History is also woven into the poem, making it buzz with the unsettled questions about country, myth, and dispossession that, to this day, still haunt Australia. For example, one discovers that

in 1828 the masters and servants act was passed in australia
aiming to quash the nascent workers movement / put people in their
place / reinforce the imposition of stolen land / free labour and
continuing genocide.
(p.12)

The poems that follow are similarly propulsive, always in motion, staunch in their defence of a way of being and belonging with and for others. They are rooted in family, domesticity, work, friends, history and bask in the mutability of the English language. Readers are introduced to the narrator’s dede, his anneanne, his babaannes, and glean insights into a migrant’s world. Reading Turkish encyclopedias and shopping at a no frills supermarket at Westfield are presented as part of the Australian everyday.

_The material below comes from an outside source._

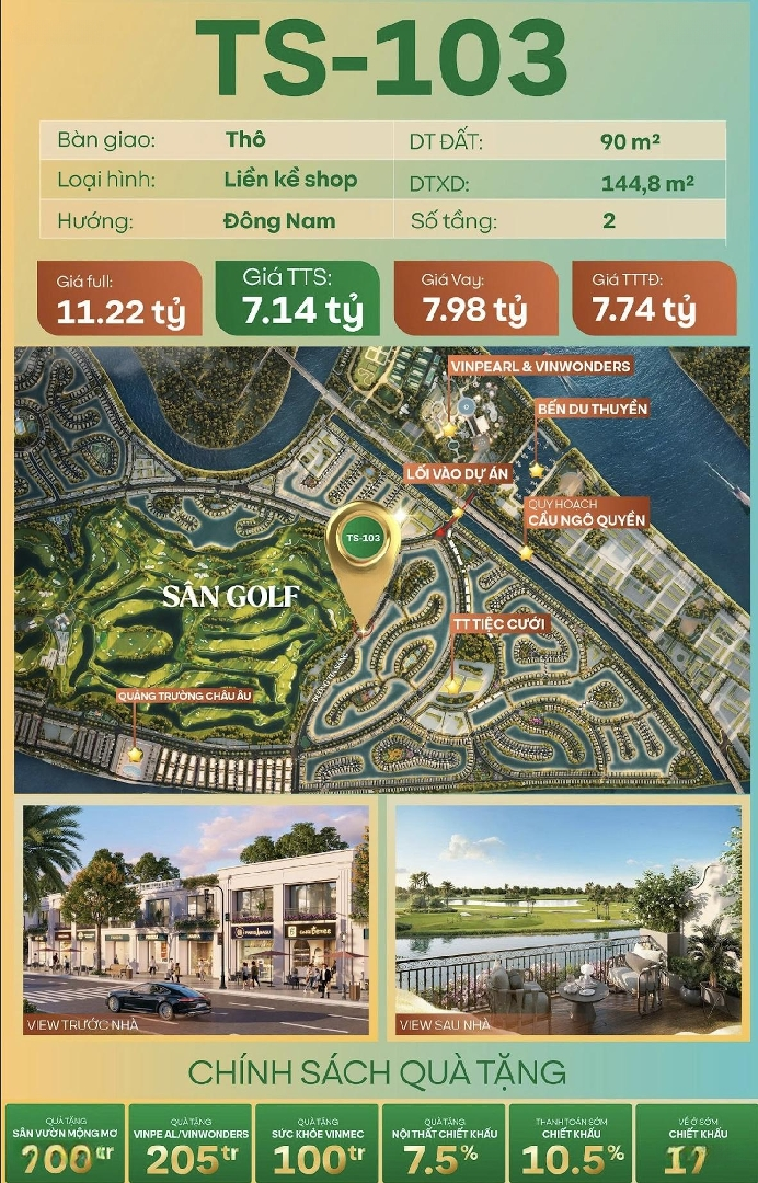 Quỹ hàng ngoại giao tốt nhất TS-103 SHOPHOUSE 2 TẦNG VIEW GOLF GIÁ TỐT HIẾM TẠI VŨ YÊN Đtlh DT Đất: 90m | DT Xây dựng: 144,8m | 2 tầng Liền kề shop bàn giao thô | Hướng Đông Nam Trước nhà kinh doanh sau nhà view sân golf & hồ nước Gần lối vào dự án Vinpearl VinWonders bến du thuyền Giá cực tốt: TTS chỉ hơn 7 tỷ Quà & ưu đãi khủng: quà sân vườn 700tr | VOS ck 17% | quà nội thất ck 7.5% | Vinpearl 205tr | Vinmec 100tr Căn đẹp giá hiếm, chốt nhanh kẻo hết! TỐT HIẾM TẠI VŨ YÊN DT Đất: 90m | DT Xây dựng: 144,8m | 2 tầng Liền kề shop bàn giao thô | Hướng Đông Nam Trước nhà kinh doanh sau nhà view sân golf & hồ nước Gần lối vào dự án Vinpearl VinWonders bến du thuyền Giá cực tốt: TTS chỉ hơn 7 tỷ Quà & ưu đãi khủng: quà sân vườn 700tr | VOS ck 17% | quà nội thất ck 7.5% | Vinpearl 205tr | Vinmec 100tr Căn đẹp giá hiếm, chốt nhanh kẻo hết!Đặc điểm nổi bậtDiện tích :90m2Mặt tiền :5mGiá :7 tỷĐường vào :13m

‘Hot Water’ provides a telling example of the mechanics of how these poems work and what choices Başkan makes. It begins at a kitchen counter somewhere in Australia. The narrator is with Sophie, his partner, who’s telling a story. At the wrong moment, the narrator picks up a cup of scalding water, and this act turns into a memory of visiting a friend in Istanbul. This in turn leads the narrator to think about Muhsin Kut, a painter who wanted to be an architect but finds himself propelled to the antipodes in 1969

and locals say to him
you have no choice
youll make as much money as your willingness
to do the dirtiest most tiring work and
so mushsin walks into a Balmain soap factory
and they say
youre a painter!?
(p.37)

Riding the leitmotif of water, the poem goes on to harness a ‘psychic luna park of associations’ (p 48). There’s an internal playfulness as the narrator zigzags from Melbourne to Turkey and back again, boisterously leaning into a type of dislocation very familiar to a child of migrants. Threads are followed, abandoned, and sometimes reemerge. At the poem’s end, a satisfying taste of completion lingers.

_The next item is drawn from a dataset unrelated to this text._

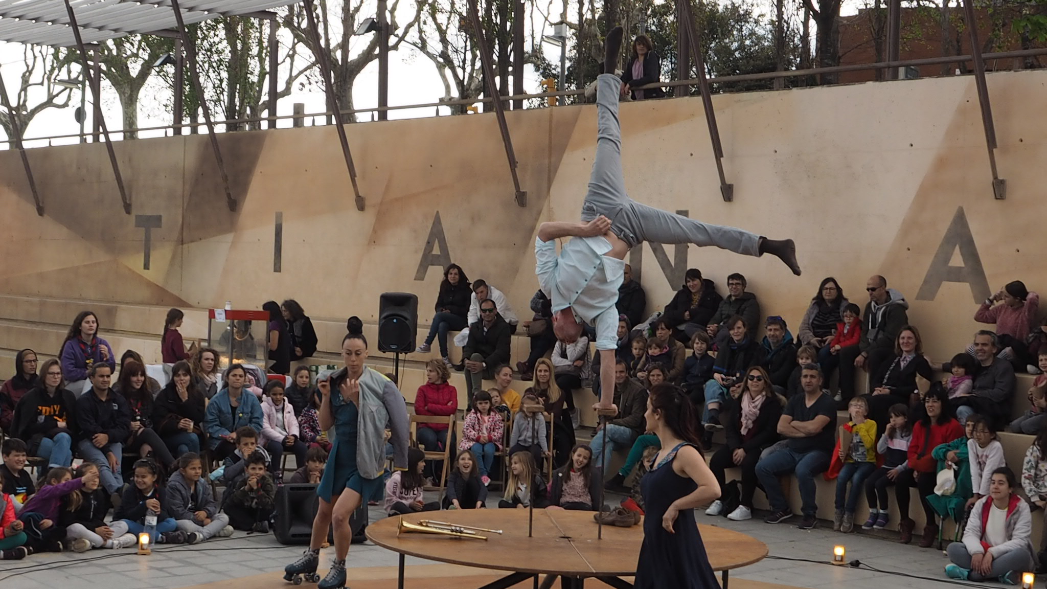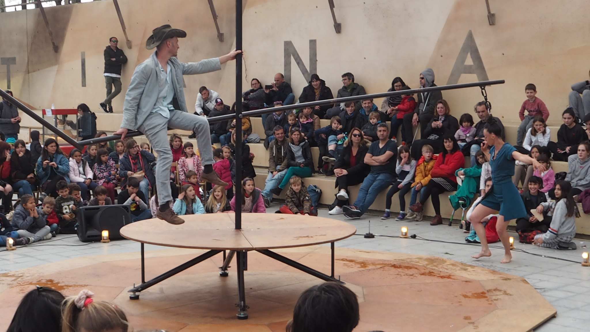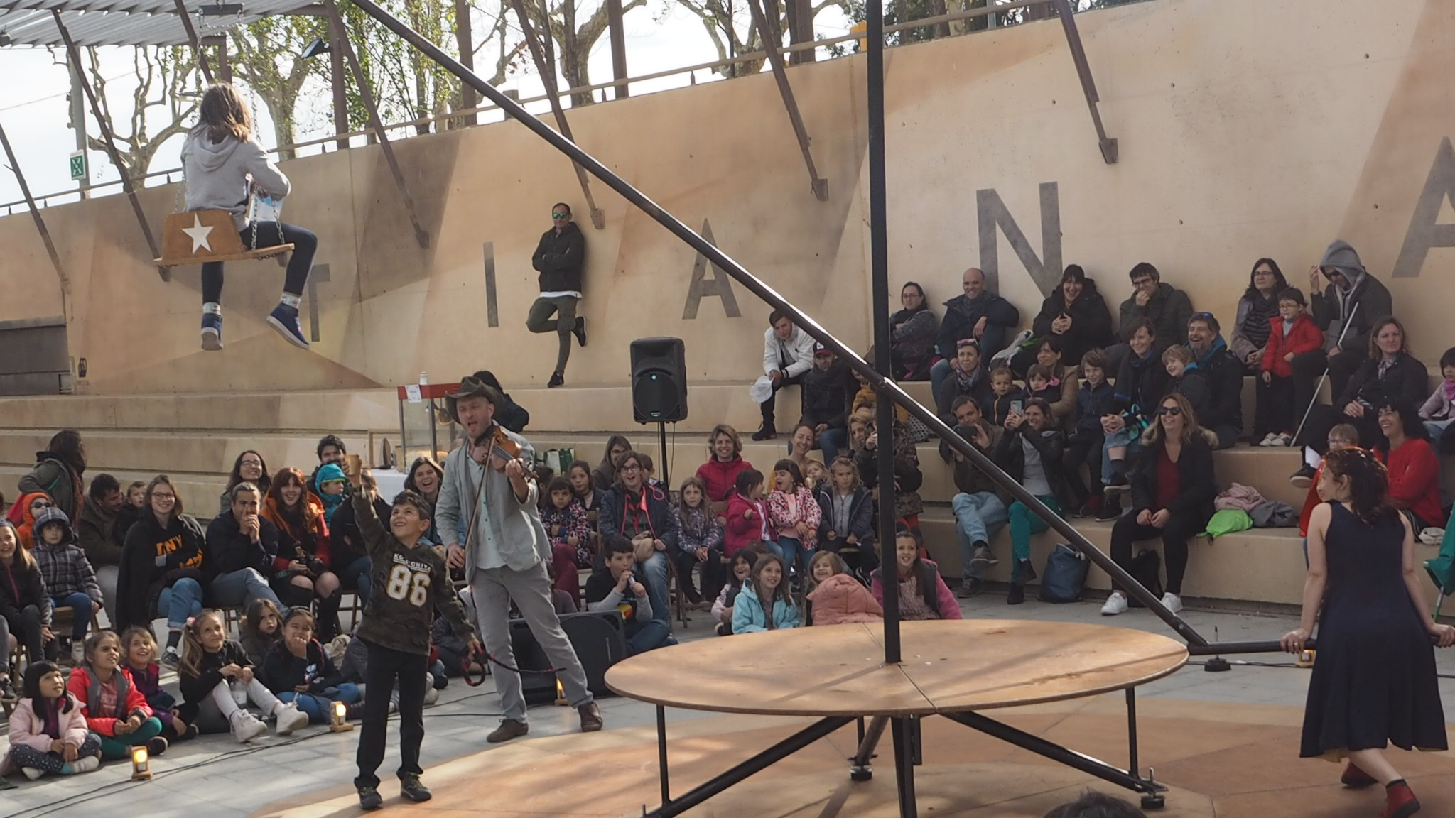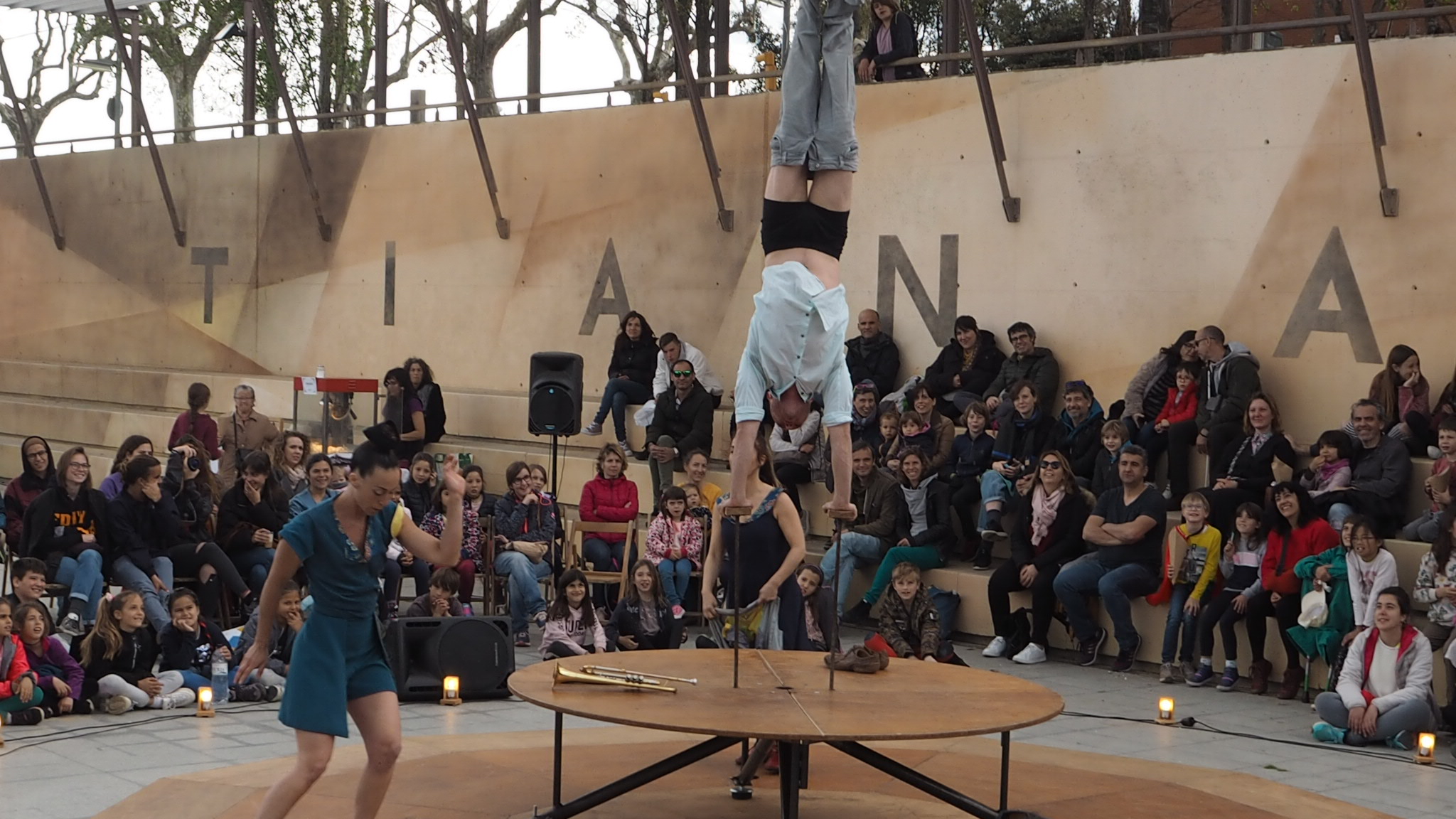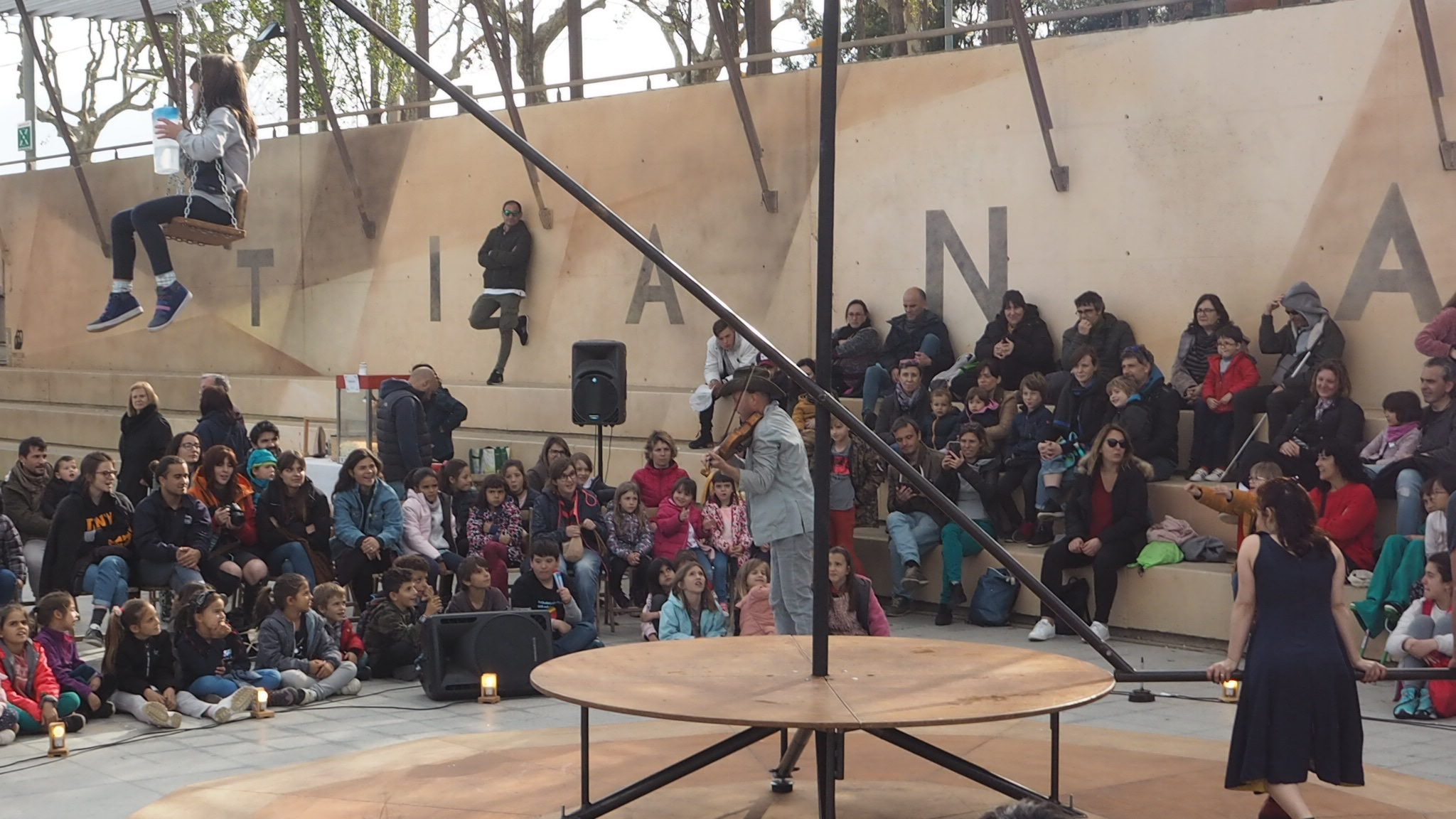 Aquesta dissabte el grup de Mumusic Circus ha fet una actuació en motiu del Dia Mundial del Circ. En aquest cas han fet el seu show “Flou Papagayo”. Es tracta d’un espectacle molt entretingut visualment, on una de les artistes fa suspensió capil·lar. En Marçal, director i artista del grup, explica què pretenen amb les seves actuacions:

Ender Başkan contains multitudes. He’s a father, son, partner, poet, bookseller, and a novelist. He’s the winner of the 2021 Overland Judith Wright Prize and was mentored by the late Ania Walwicz. His poetry emerges from within a tradition of migrant poets writing in the English language who tease and exploit the variations and politics of sound and speech. It is from within this wake that Two Hundred Million Musketeers engages in its act of poiesis – the bringing forth of new wholes and syntheses. It is both an experiment and an invitation to adventure. It demands care and attention on the part of readers to make meaning. With its slant truths and occasional dazzlements, it is a uniquely Australian testament of this thing we call life.

 

BRIAN OBIRI-ASARE is a writer working across poetry, prose, and drama. He is a recipient of the Northern Territory Literary Award for Poetry and has been shortlisted for the Judith Wright Poetry Prize. His recent poems have appeared in Westerly, Cordite, Southword and other spaces.